Assigned task: From the first line of the data through the line containing "Bak cuci piring", transcribe each line exactly. Pictures do not belong in the copy.

== Data for the task ==

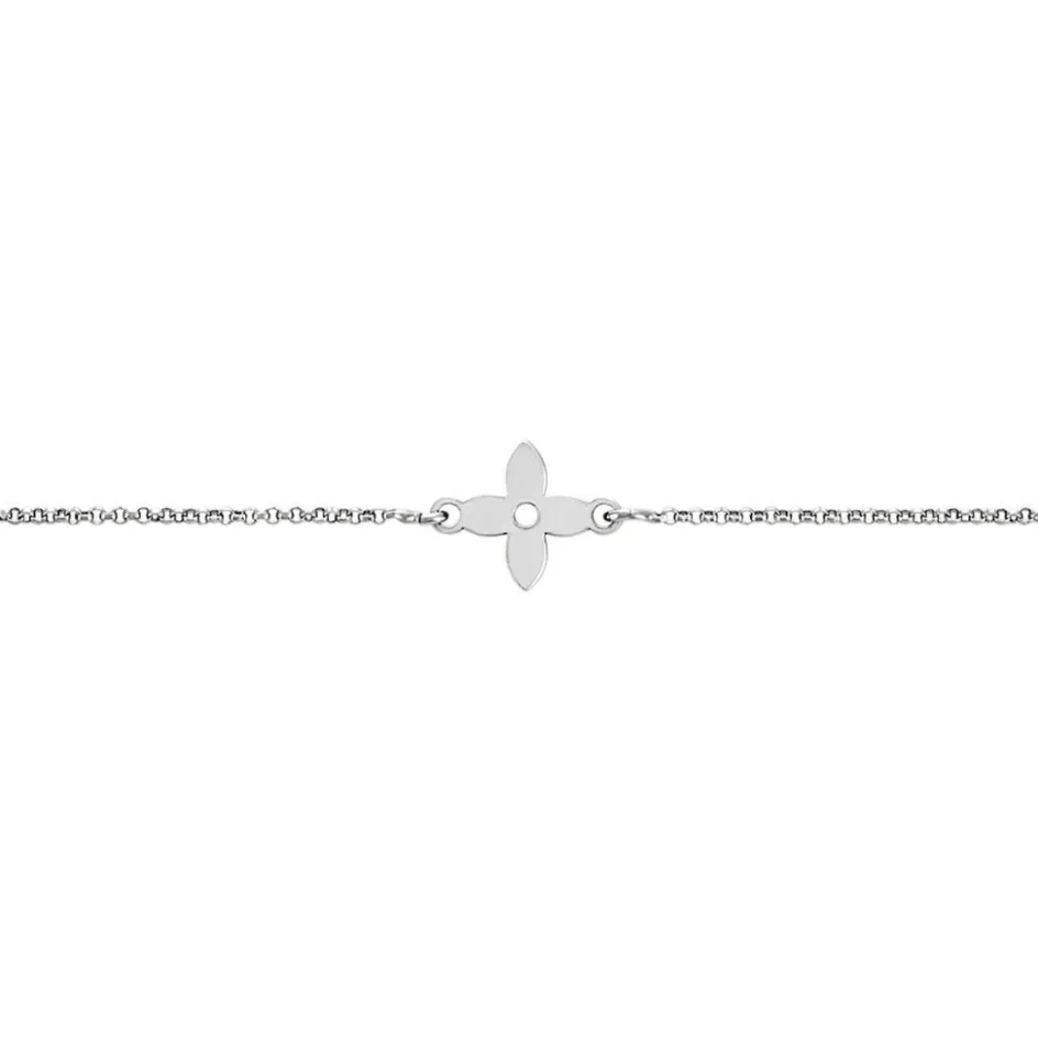 Bracelet Argent Blanc 925/1000 Motif Fleur Maille Forçat 20cm
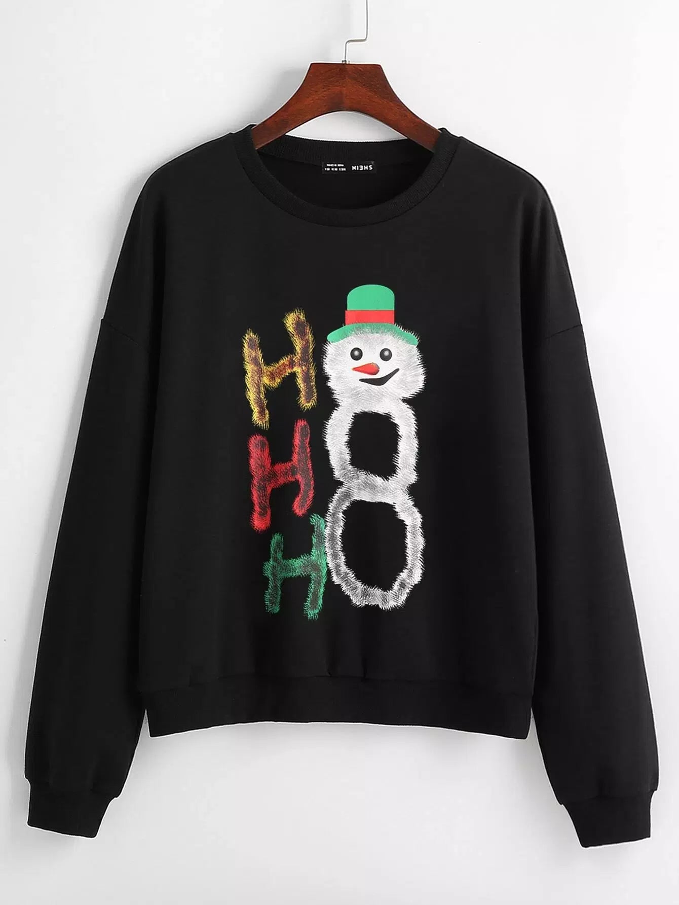 النساء - بلوفر برسومات رجل ثلج عيد الميلاد والحروف
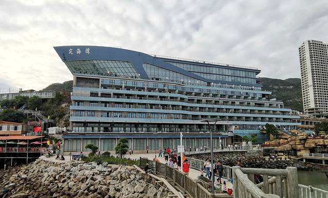 耸立在海岸边的山海运动小镇的游客中心,其外形酷似游轮,高达九层,淡蓝色玻璃外墙与蔚蓝色海水堪称完美
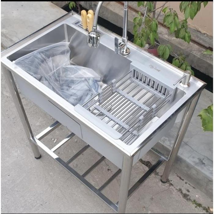Bak cuci piring portable set stainless sus 304 kitchen sink meja 75x45 - FULLSET 8050
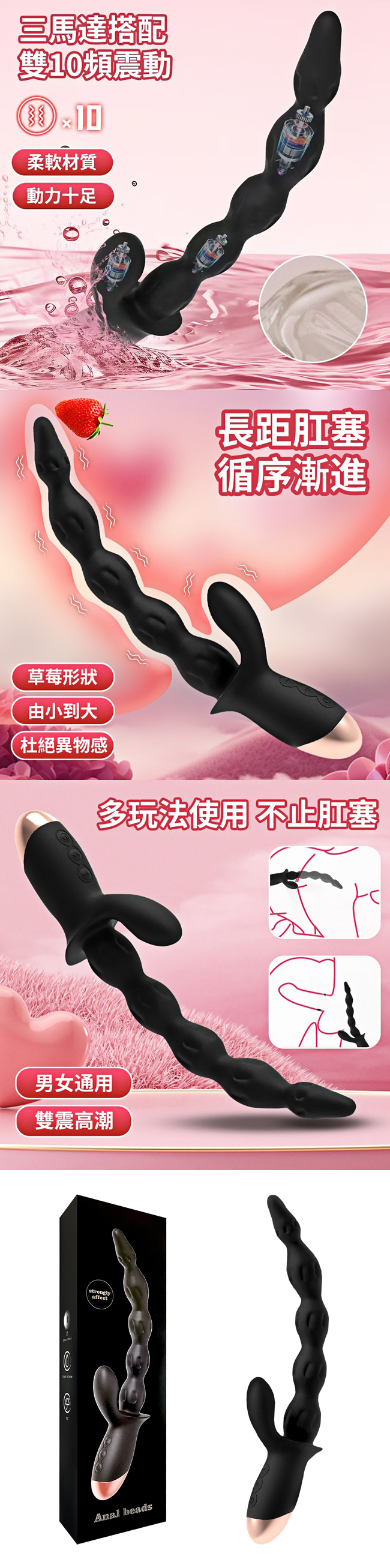 黑草莓是以草莓為造型,5顆草莓由小到大串聯而成,解決了拉珠產品一有異物感的痛點,長度更是適合各種人群的喜好,收放自如;旁邊的震動跳蛋可以震動男人的蛋蛋或女性的陰道,讓全身高潮快感加倍;三個馬達搭配的雙10頻震動,動力十足,一旦入體,高潮刺激的層次感一浪接一浪,彷若過山車般刺激。

===

Response to the exercise:
 Bracelet Argent Blanc 925/1000 Motif Fleur Maille Forçat 20cm
 النساء - بلوفر برسومات رجل ثلج عيد الميلاد والحروف
 耸立在海岸边的山海运动小镇的游客中心,其外形酷似游轮,高达九层,淡蓝色玻璃外墙与蔚蓝色海水堪称完美
Bak cuci piring portable set stainless sus 304 kitchen sink meja 75x45 - FULLSET 8050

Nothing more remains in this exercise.